Months of Meryl: The Seduction of Joe Tynan (1979)

Hi, we’re John and Matt and, icymi, we are watching every single live-action film starring Streep.

#4 — Karen Traynor, a Southern political operative who has an affair with a popular senator.

JOHN: I can’t even imagine what it must have felt like to be an actressexual in 1979, the year when Meryl Streep catapulted herself from that interesting, up-and-coming actress of The Deer Hunter, the Holocaust miniseries (which brought her first Emmy win), and the New York theater scene, to first-class movie star, appearing in three successful films and winning her first Oscar for the year’s highest-grosser and Best Picture champ, Kramer vs. Kramer. But let’s not get too ahead of ourselves; buried in the middle of all this impressive acclaim is perhaps Streep’s least-known triumph of her early period: Jerry Schatzberg’s The Seduction of Joe Tynan.

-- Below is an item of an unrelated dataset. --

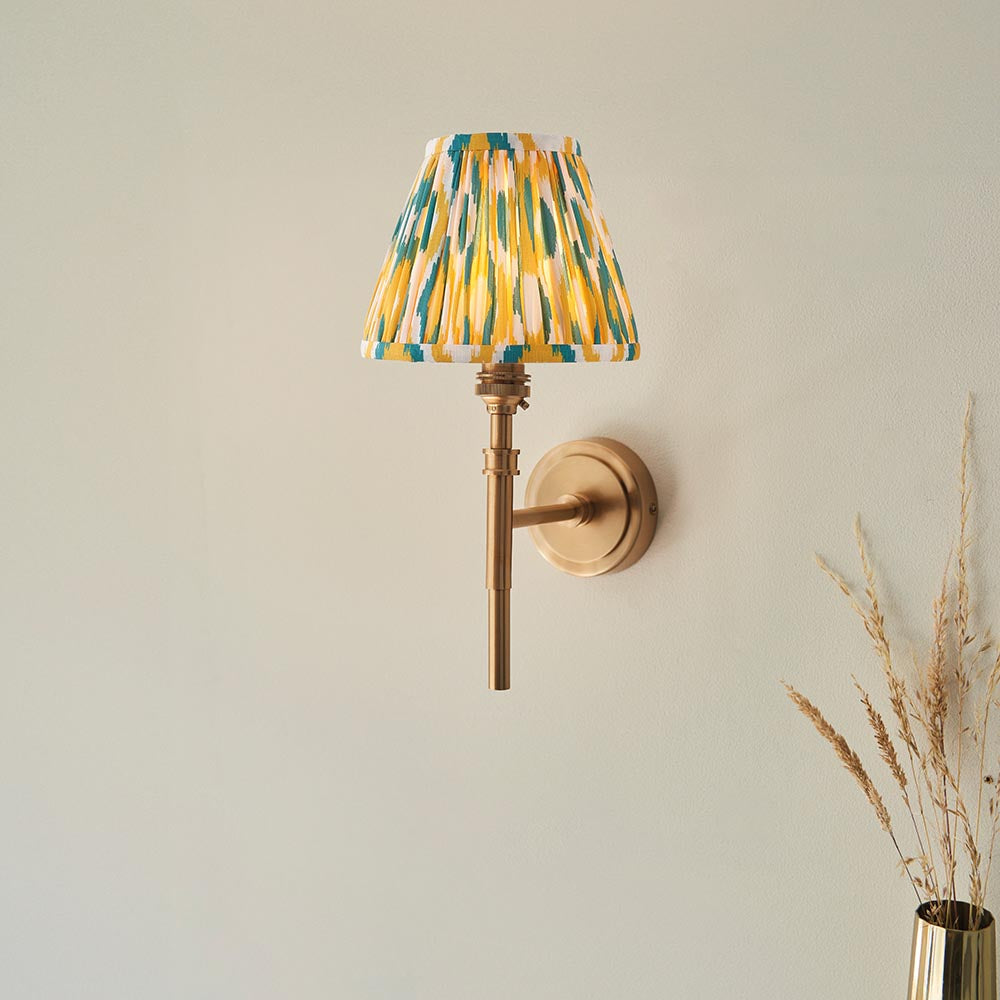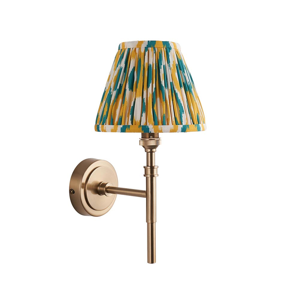 The timeless details of this wall light, finished in aged brass plate, with authentic brass B22 lamp holders make it the perfect addition to your home. Completed with our vibrant 16cm yellow & jade Ikat shade for a classic wall light to be proud of.
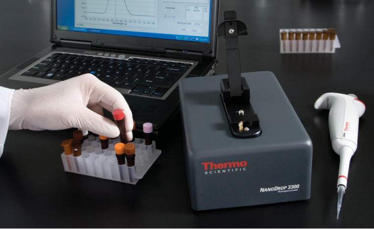 自我介绍 Hi,大家好,我是Thermo Scientific™ NanoDrop 3300,体型小巧可爱,如上图所示,我是一款多功能经济型荧光分光光度计。我将超微量技术拓展到荧光信号检测,能够进行400-750nm全波长荧光分析。 我测试样品量只需 1 μL,且能显著提高检测灵敏度,比传统荧光分光光度计高一个数量级。基于其先进的功能和分析选项,我可以实现较广范围的测量,包括日常 RiboGreen、PicoGreen 和 GFP 到先进的纳米颗粒和 FRET 分析。下面就请看我的主要优势与参数吧,希望能在您的实验上,贡献我的一份小小力量。 1、样品体积可低至 1μL,为其他应用和试验保留了珍贵的样品; 2、更高的灵敏度:可检测pg/μL范围的dsDNA ; 3、宽激发范围; 4、荧光发射的全光谱分析(400-750nm); 5、紫外、蓝白 LED 激发,涵盖宽波长范围; 6、可测量单样品的多种荧光基团; 7、同时提供光谱图和数据; 8、无需更换滤光片; 9、无需昂贵的单色器; 10、无需比色皿; 11、快速测量,2-10秒完成检测; 12、占用空间小、检测快速且易于使用; 13、可运行各种应用,可定制适合您研究的特定应用。 主要优势 1、样本体积:1-2ul; 2、光源:3组LED(UV365,蓝光470和白光500-650nm); 3、波长准确度:1nm; 4、波长精确度:< 5% CV (10 nM Fluorescein); 5、分辨率:8 nm (FWHM at Hg 546 m); 6、测量时间:小于10s; 7、检测浓度下限:1pg/ul; 8、检测物质量下限:2pg; 9、体积:20cm×15cm×12cm; 10、重量:3kg; 11、工作电压:5伏(可通过电脑USB接口供电,无需外置电源)。 技术参数 Thermo Scientific NanoDrop系列在超微量检测领域里,一直被模仿,从未被超越。Thermo持续专注于超微量分光光度计研发,不断精益求精,向着更加专业的方向迈进。NanoDrop 3300秉承了NanoDrop的样品基座设计,可用于广谱荧光分析。 厂家简介 基因有限公司为NanoDrop系列产品中国区合作伙伴。公司的宗旨是“专才为专家服务”,专业的团队为各大科研机构提供安装培训,技术支持,应用培训与售后维护一条龙服务,赢得客户的一致好评与信任。想要了解更多,请关注我们的官方微信“基因快讯”或联系您身边的基因有限公司员工。

This story of a liberal senator (Alan Alda, who also penned the script) struggling to balance political ambitions with family life, is a keen, sophisticated relic from a time when studio movies were risky, inspired, and targeted towards an adult audience, free of gimmicks or condescension. They were capable of making bank to boot.

In Joe Tynan, Streep plays Karen Traynor, a Louisiana lawyer who, while aiding Tynan’s campaign against a racist Supreme Court nominee (Remember when racism disqualified you from office?), begins a fling with Alda’s fast-rising political star...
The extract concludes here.